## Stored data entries

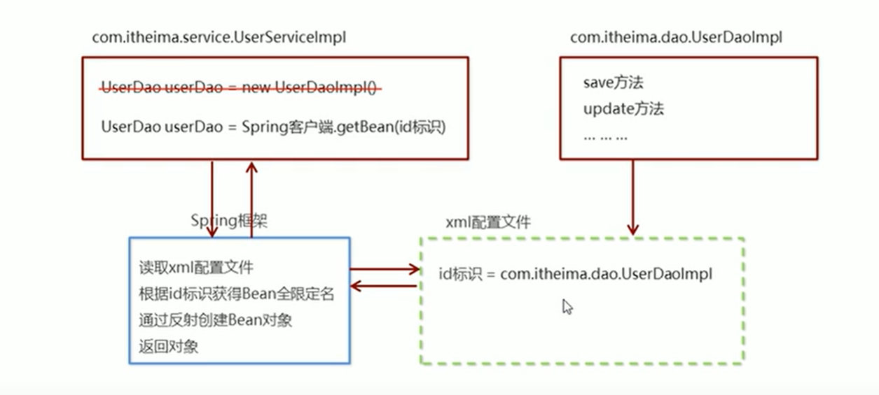 <bean id="userDao" class="com.itheima.ioc.UserDaoImpl"></bean>>
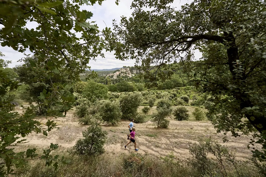Puis alternance de chemins en descente et montée amenant à la Forêt Départementale de Venasque - Saint Didier (3km). Parcours assez ombragé sur sa première partie puis plus ensoleillée en arrivant sur le plateau. Arrivée au parking de départ en passant par le Château.
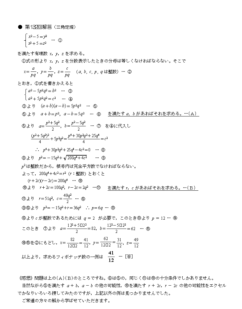 <コメント>第132回(フィボナッチ数)解答送ります。
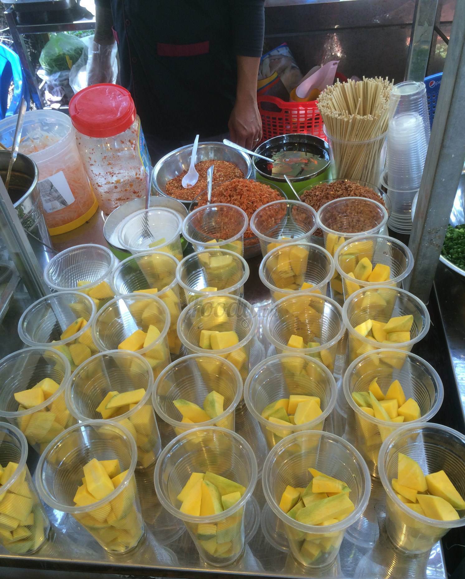 Bánh tráng khô được cắt sợi rồi trộn với các loại khô bò, khô mực, thêm một chút đậu phộng rang, rau răm thơm, xoài xanh bào nhuyễn, gia vị... rồi thêm sốt cho thấm mềm. Bánh tráng trộn có đủ vị ngọt, mặn, chua, cay nên chỉ nghĩ đến thôi là đã đủ ứa nước miếng rồi.
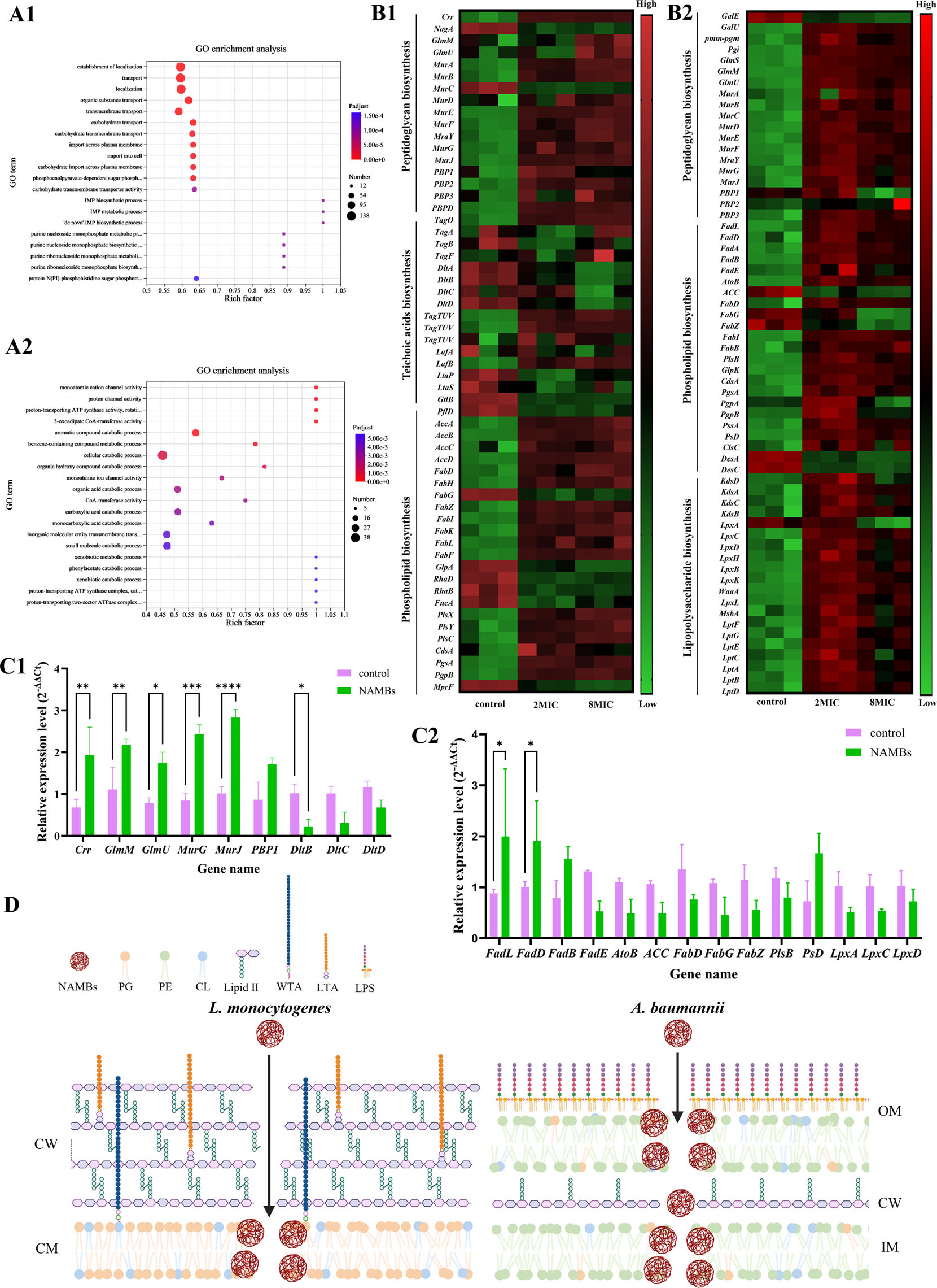 基因表达谱揭示了更深层机制:在李斯特菌中,NAMBs强化肽聚糖层的同时削弱磷壁酸合成,导致碳水化合物代谢紊乱;在鲍曼不动杆菌中,脂肪酸合成关键酶(Acc、FabZ)被抑制,磷脂组成失衡,脂多糖完整性遭破坏。这种“破坏-重建”的动态博弈,最终拖垮细菌的生存系统。
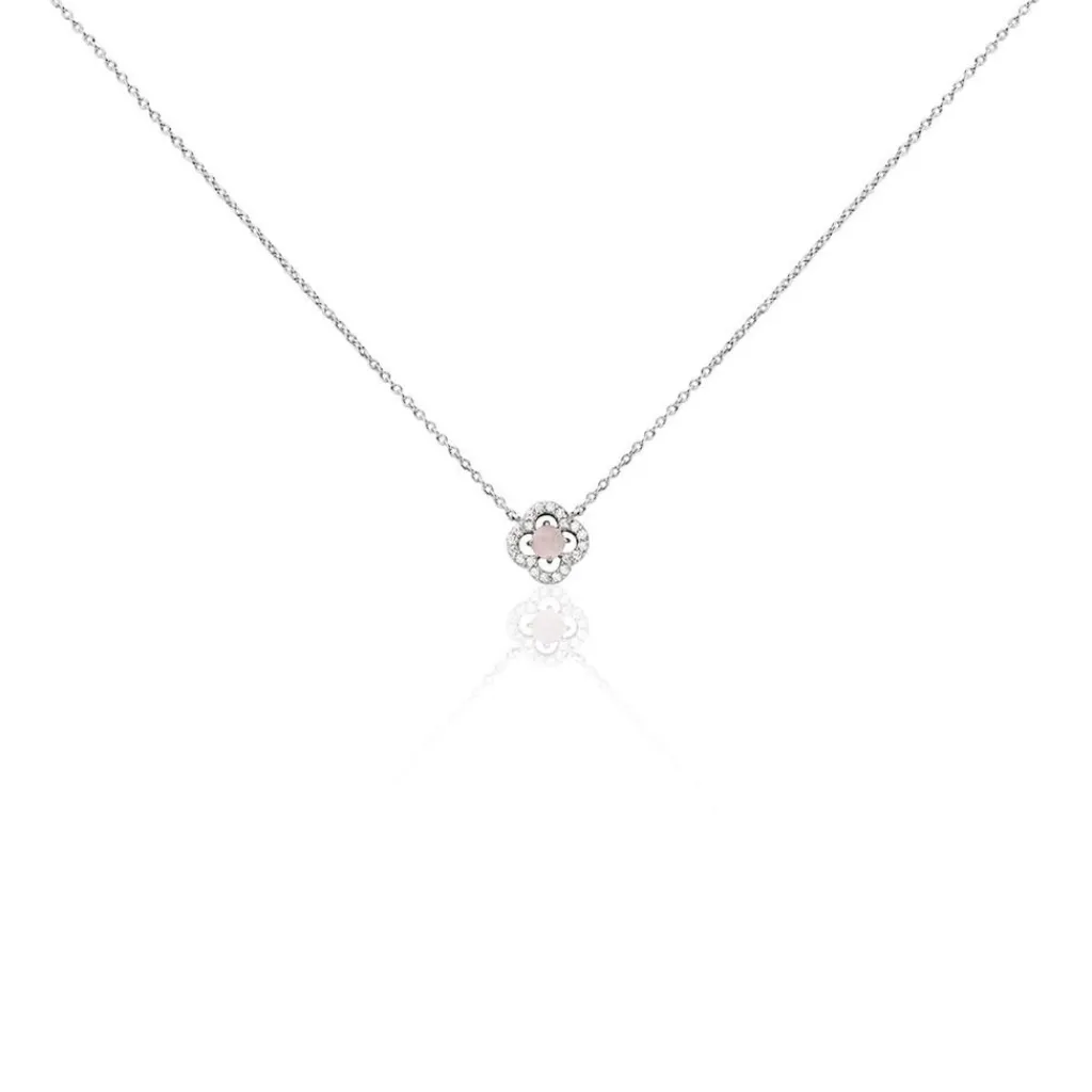 Collier Argent 925/1000 dally Fleur Quartz Rose Entourage Oxydes De Zirconium Maille Forcat 45cm
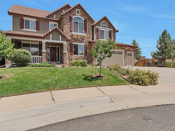 If you are in search of a wonderful, 5 bedroom home with a large yard to LOVE, this is it! A magnificent home at the top of the Cul-de-Sac in the Sorrel Ranch Community. Pack the 3 Car garage and enjoy the stone exterior and walkway to the beautiful, large lot with views. Front Door leads to open plan with Vaulted Ceilings, spacious family room, study, formal dining and the Entertainers kitchen, with Hardwoods and Granite, your buyers are hoping for! Second floor bedrooms include a Master Suite and a laundry room with all the charm and character one should want. Large finished basement has a bathroom already installed and endless possibilities! Easy Access to great trails, Southlands Shopping Center, Reservoir and HOA includes a Community POOL! Summer fun awaits your Buyers. Close to E-470 and Cherry Creek School District!
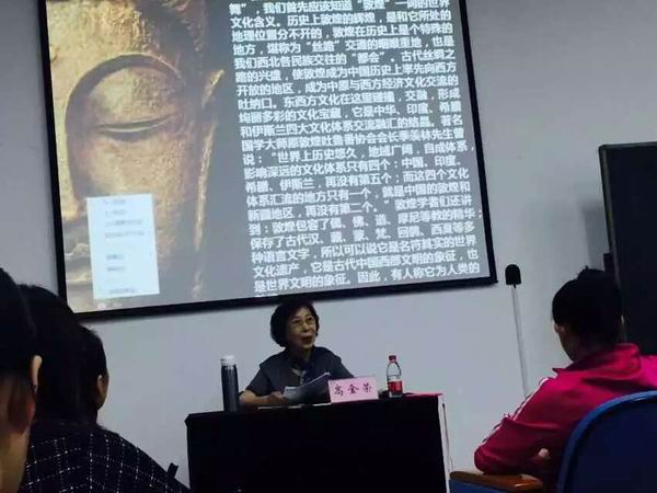 报告会上,高老师从自己的演出实践中总结经验,向学员们生动形象的阐述了敦煌舞的世界文化内涵,从而展示其对乐舞艺术的重要意义。她提出敦煌舞具有佛教色彩、西域风格、唐风唐韵的包容性特点,充满着和谐、宁静、传神、抒情的美。认识敦煌壁画舞姿要从史料中找到它们的发展演变,从发展演变中研究它们的内在联系;要学会依据壁画舞姿特点,参照有关舞蹈史料总结敦煌舞姿的外部特征,从神情气质、舞姿的具体动作和乐舞形式确立其风格和审美。
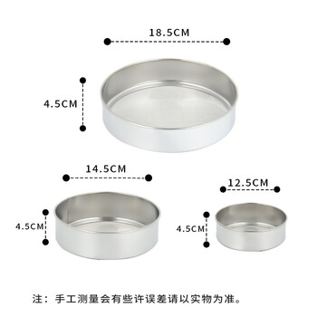拜杰面粉筛 不锈钢单层超细糖粉筛子细箩11/15/18cm三件套烘焙工具
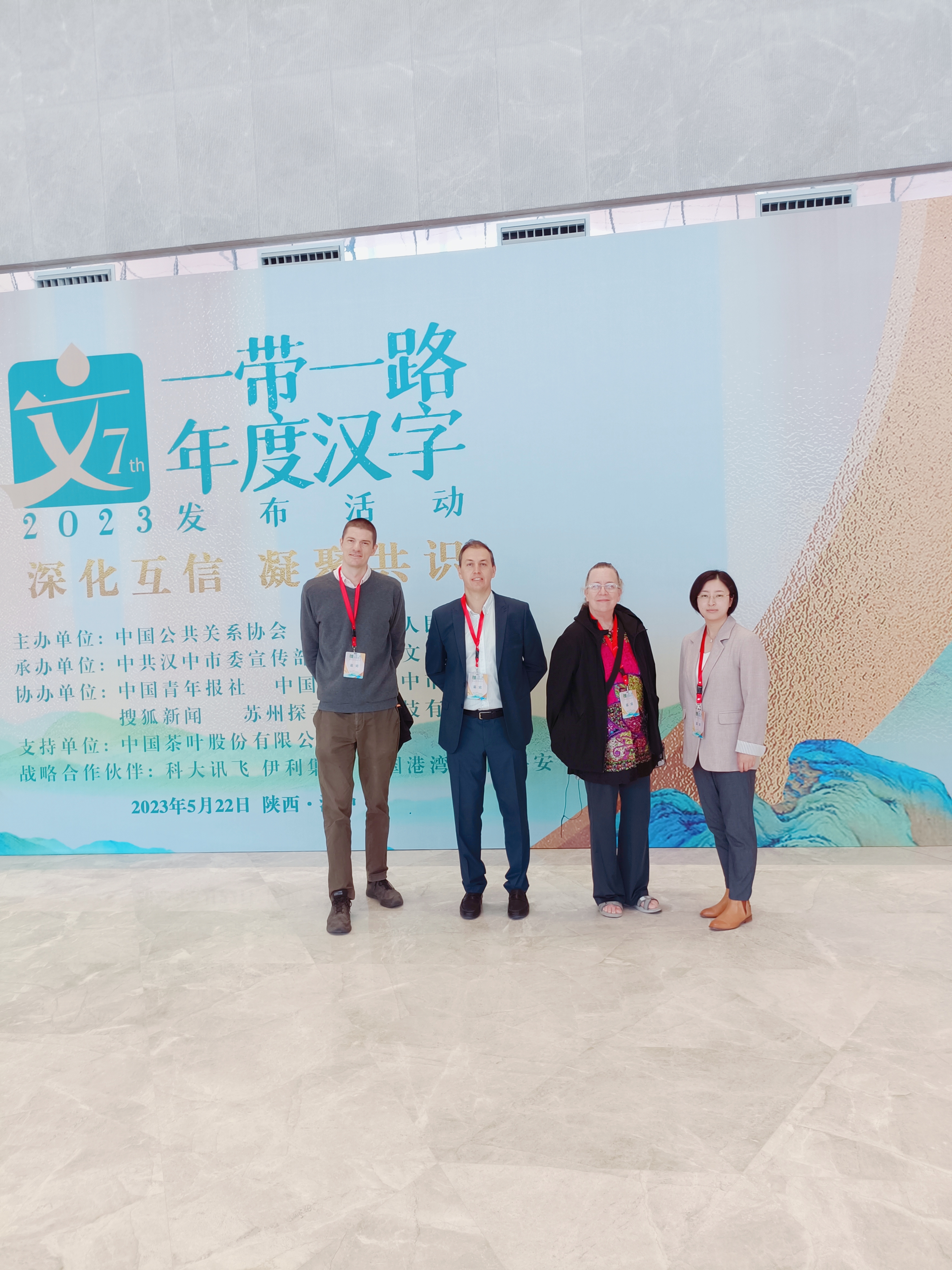 2023年5月22日,由中国公共关系协会和汉中市人民政府主办的2023“一带一路”年度汉字发布大会在陕西省汉中市召开,约有800人参加本次会议。中共汉中市委书记张烨,政协陕西省十二届委员会副主席魏增军,中国公共关系协会会长、国务院新闻办公室原副主任郭卫民出席大会并分别为大会致辞。3044永利集团派出由英语系教师范莎博士作为领队,外籍教师Mary Beth Leatherman(美国)、Jack Daniel Bouquet(英国)及Philippe Emmanuel Cousté(法国)为成员的代表团应邀参加本次会议。
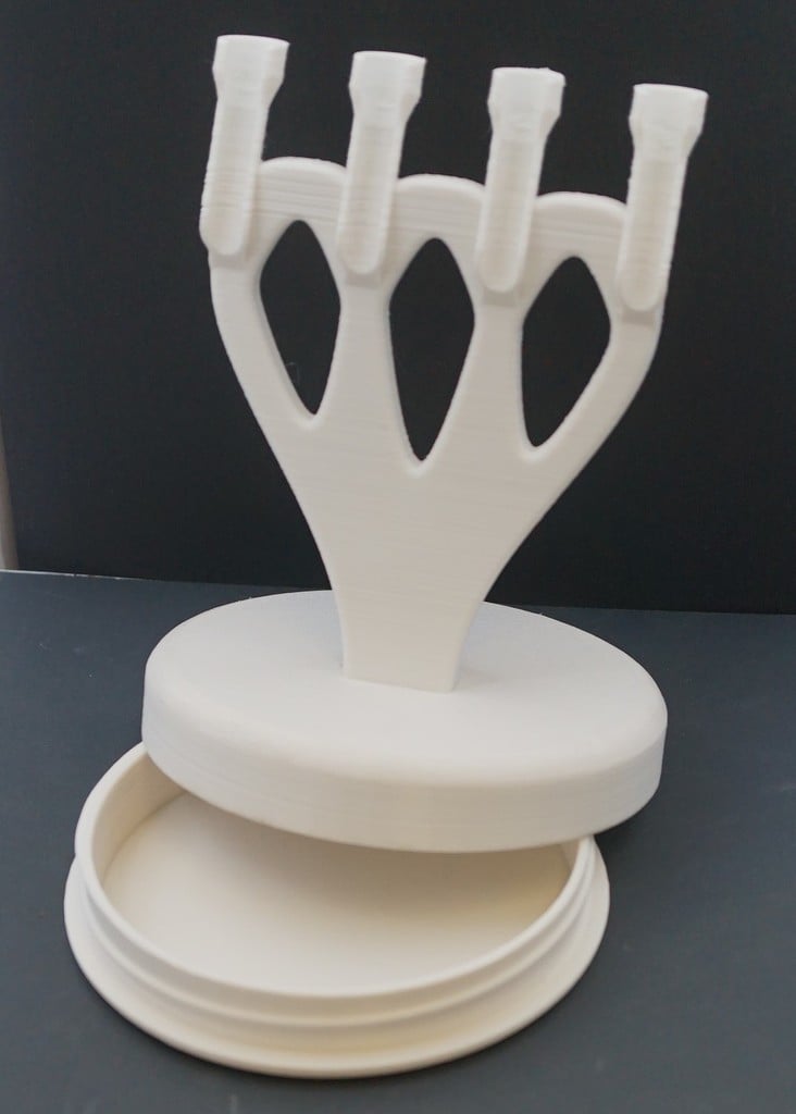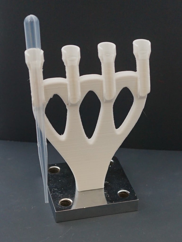 Hållaren kan enkelt fästas på en metallplatta med en M3-skruv, så att du kan anpassa din inställning efter behov. Den integrerade basen kan tryckas i två delar, så att du kan fylla den med sand eller annat material för att öka stabiliteten, vilket gör den till en flexibel och användbar lösning för laboratoriebruk.
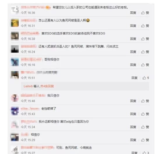 而廠長的微博底下也被一些吃瓜群眾評論早在WE“魚死網(wǎng)破,今晚就走”的廠長不少什么好人。有廠長的粉絲則說自己喜歡的不是EDG而是廠長,希望EDG不要拿廠長出來擋槍。小編認為EDG這波操作真有點拿廠長出來擋箭的味道了,給小伙伴對此怎么看呢?
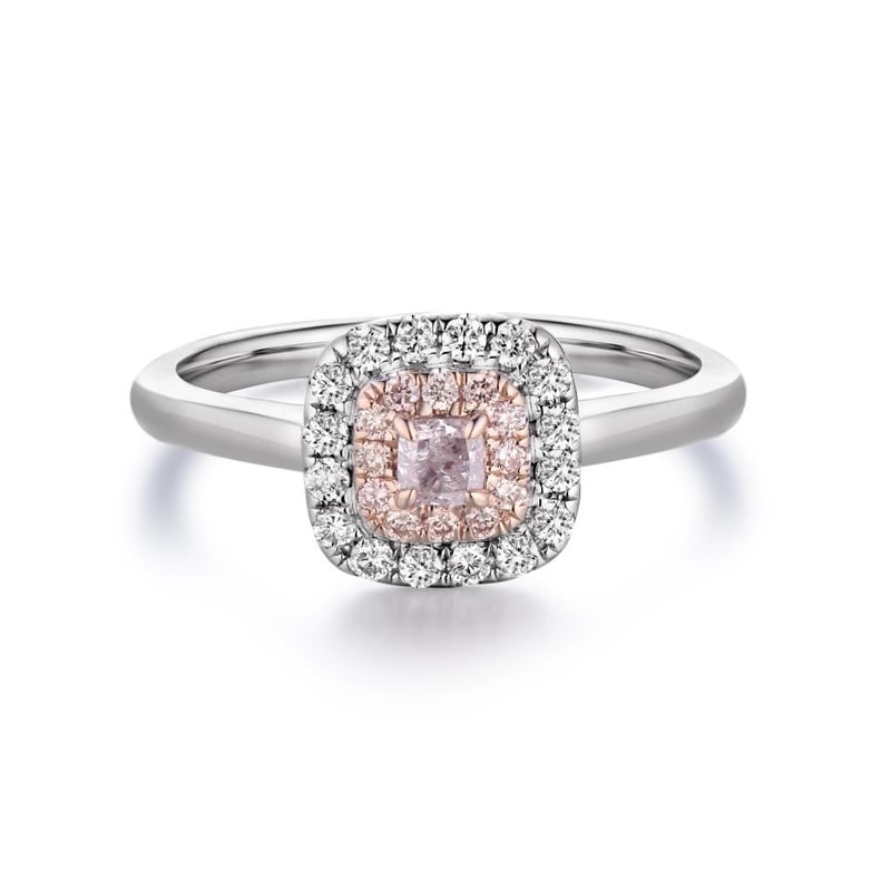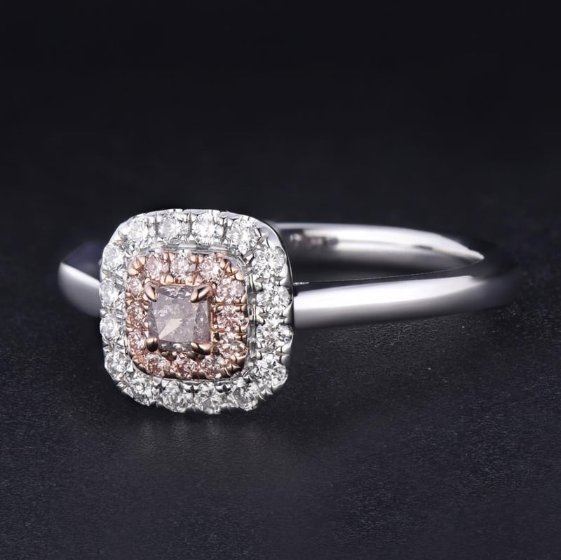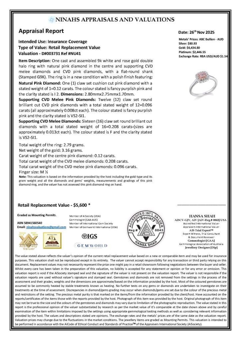 0.42TCW PINK DIAMOND GOLD RING One Cast And Assembled 9K White And Rose Gold Double Halo Ring With Natural Pink Diamond In The Centre And Supporting Cvd Melee Diamonds And Cvd Pink Diamonds, With A Flat-Round Shank (Stamped G9K). The Ring Is In A New Condition With A Polish Finish Featuring: Natural Pink Diamond: One (1) Claw Set Cushion Cut Pink Diamond With A Stated Weight Of 1=0.12 Carats. The Colour Stated Is Fancy Purplish Pink And The Clarity Stated Is I 2. Dimensions: 2.80Mmx2.75Mmx1.70Mm. Supporting Cvd Melee Pink Diamonds: Twelve (12) Claw Set Round Brilliant Cut Cvd Pink Diamonds With A Total Stated Weight Of 12=0.096 Carats (All Approximately 0.008Ct Each). The Colour Stated Is Fancy Purplish Pink And The Clarity Stated Is Vs2-Si1. Supporting Cvd Melee Diamonds: Sixteen (16) Claw Set Round Brilliant Cut Diamonds With A Total Stated Weight Of 16=0.208 Carats-(Sizes Are Approximately 0.013Ct Each). The Colour Stated Is F And The Clarity Stated Is Vs2-Si1. Total Weight Of The Ring: 2.79 Grams. Net Weight Of The Gold: 3.16 Grams. Carat Weight Of The Centre Pink Diamond: 0.12 Carats. Total Carat Weight Of The Cvd Melee Diamonds: 0.208 Carats. Total Carat Weight Of The Cvd Melee Pink Diamonds: 0.096 Carats. Finger Size: M ½ //Nu41// Valuations Provided by an Independent Third-Party Professional Not Directly Associated With Lloyds Auctions at AUD $5600 This valuation has been conducted by an independent third-party professional. The valuation amount is an assessment by the issuing valuer and does not reflect the auction value of the item. Any inquiries regarding the valuation should be directed to the issuing valuer (refer to contact details on the certificate), as Lloyds Auctions has no affiliation or influence over the valuation, the valuer, or the stated amount. Condition: Good - Refer Images 0 488844+1

## Work order
From the records above, quote word for word only the lines beginning at the line that has "基因表达谱揭示了更深层机制:在李斯特菌中" and stopping after the line that has "Collier Argent 925/1000". Omit the pictures.

## Answer for the task
 基因表达谱揭示了更深层机制:在李斯特菌中,NAMBs强化肽聚糖层的同时削弱磷壁酸合成,导致碳水化合物代谢紊乱;在鲍曼不动杆菌中,脂肪酸合成关键酶(Acc、FabZ)被抑制,磷脂组成失衡,脂多糖完整性遭破坏。这种“破坏-重建”的动态博弈,最终拖垮细菌的生存系统。
 Collier Argent 925/1000 dally Fleur Quartz Rose Entourage Oxydes De Zirconium Maille Forcat 45cm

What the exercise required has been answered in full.